If $\ X_1, X_2, X_3$ are linearly independent solutions with $\ n$ amount of rows to a set of linear equations $\ AX = B (B\neq0)$, where the rank of $\ A$, $\ r_A=n-2$ , find a basis for $\ AX=0$ and general solution set for $\ AX=B$
I got that if:
$\ AX_1=B$
$\ AX_2=B$
$\ AX_3=B$
then $\ A(X_1-X_2)=0$, however solution has also another equation $\ A(2X_1-X_2-X_3)=0$ which I don't really understand where it comes from. Can someone explain to me how this question should be solved?

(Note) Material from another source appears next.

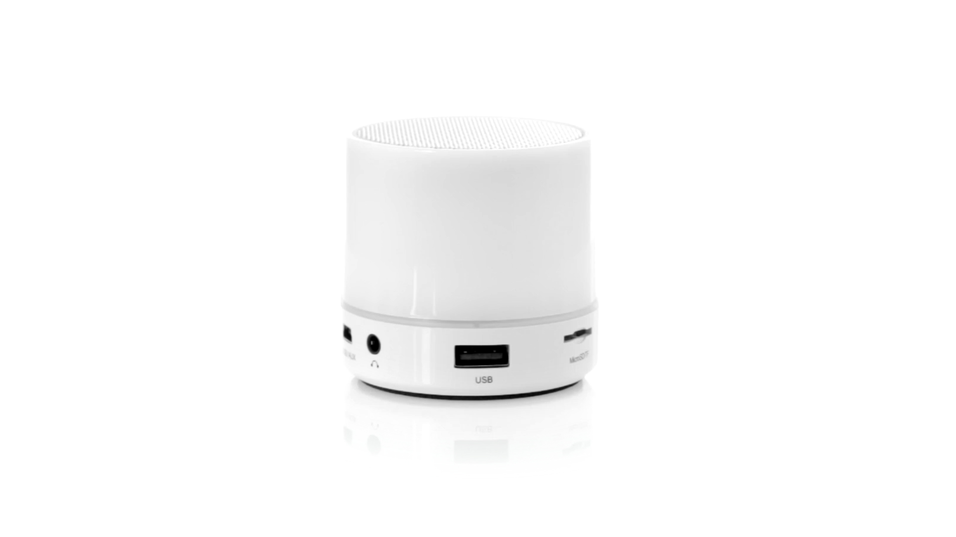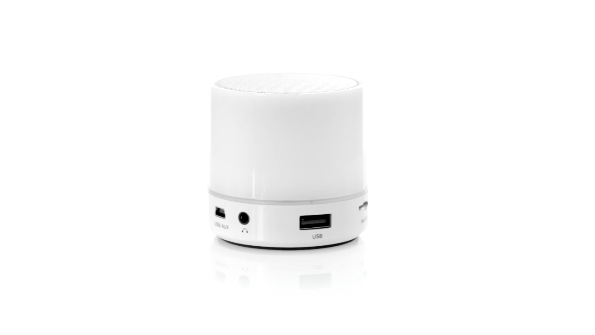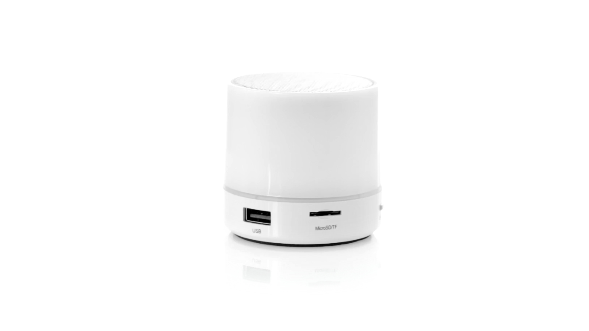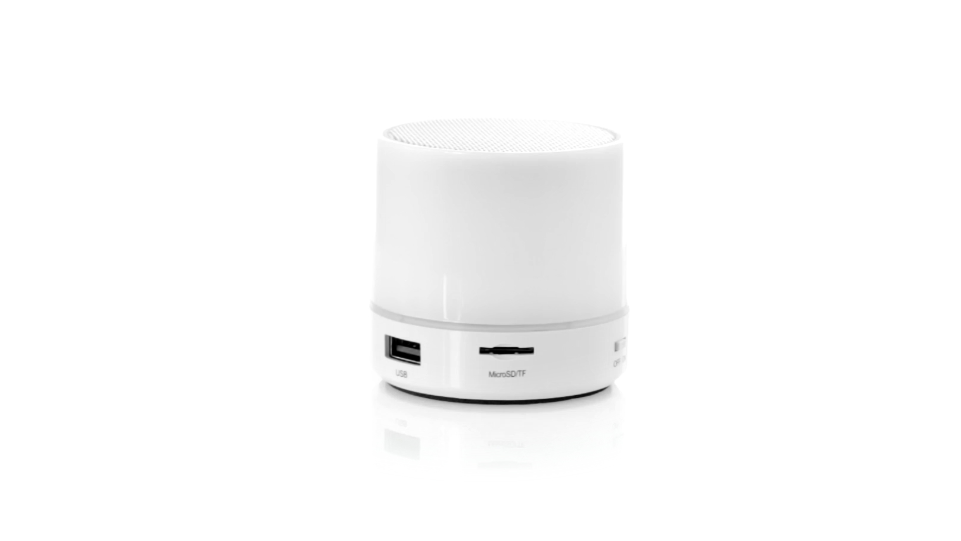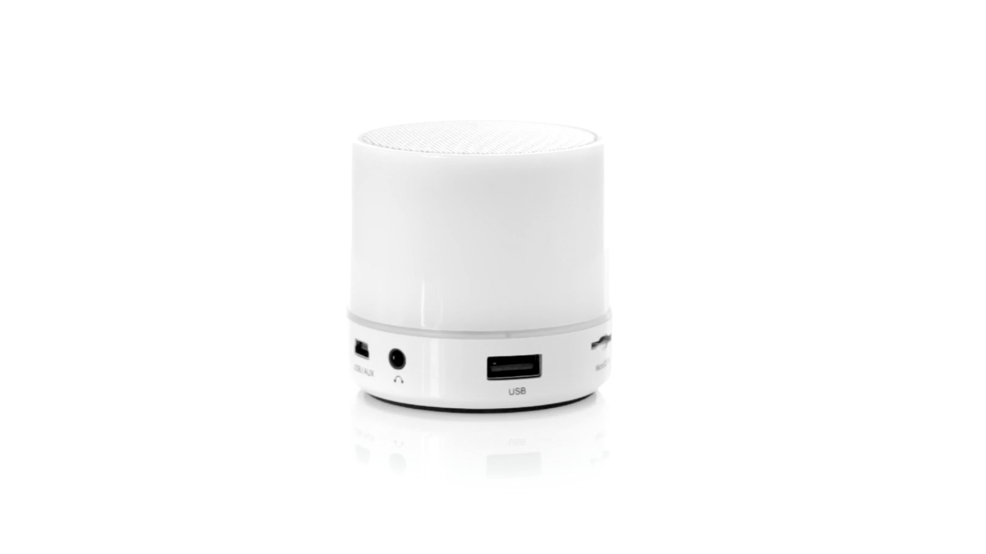 Intelligenter LED-Technologie-Lautsprecher mit Bluetooth-Verbindung®. Mit 3 W Leistung und Freisprechfunktion sowie einem Slot für eine Micro-SD-Karte von bis zu 32 GB Speicherkapazität. Zudem mit 3,5-mm-Buchse für Audioeingang und rutschfester Unterseite. Aufladbar über USB-Ladekabel (inklusive). Präsentiert in einer attraktiven Designbox.

Any help will be greatly apreciated !
Thanks a lot :)
Since rank of $A$ is $n-2$, we know that its null space must have dimension $2$. So you have one more independent solution to look for other than $X_1- X_2$. Verify that: $$A(2X_1 - X_2 - X_3) = 2AX_1 - AX_2 - AX_3 = 2B - B - B = 0$$ This solution and $X_1 - X_2$ are independent, since $X_3$ cannot be written in terms of $X_1$, $X_2$ (we are given that $X_1,X_2,X_3$ are independent). Of course, this is not the only possible choice of a second basis vector for the null space.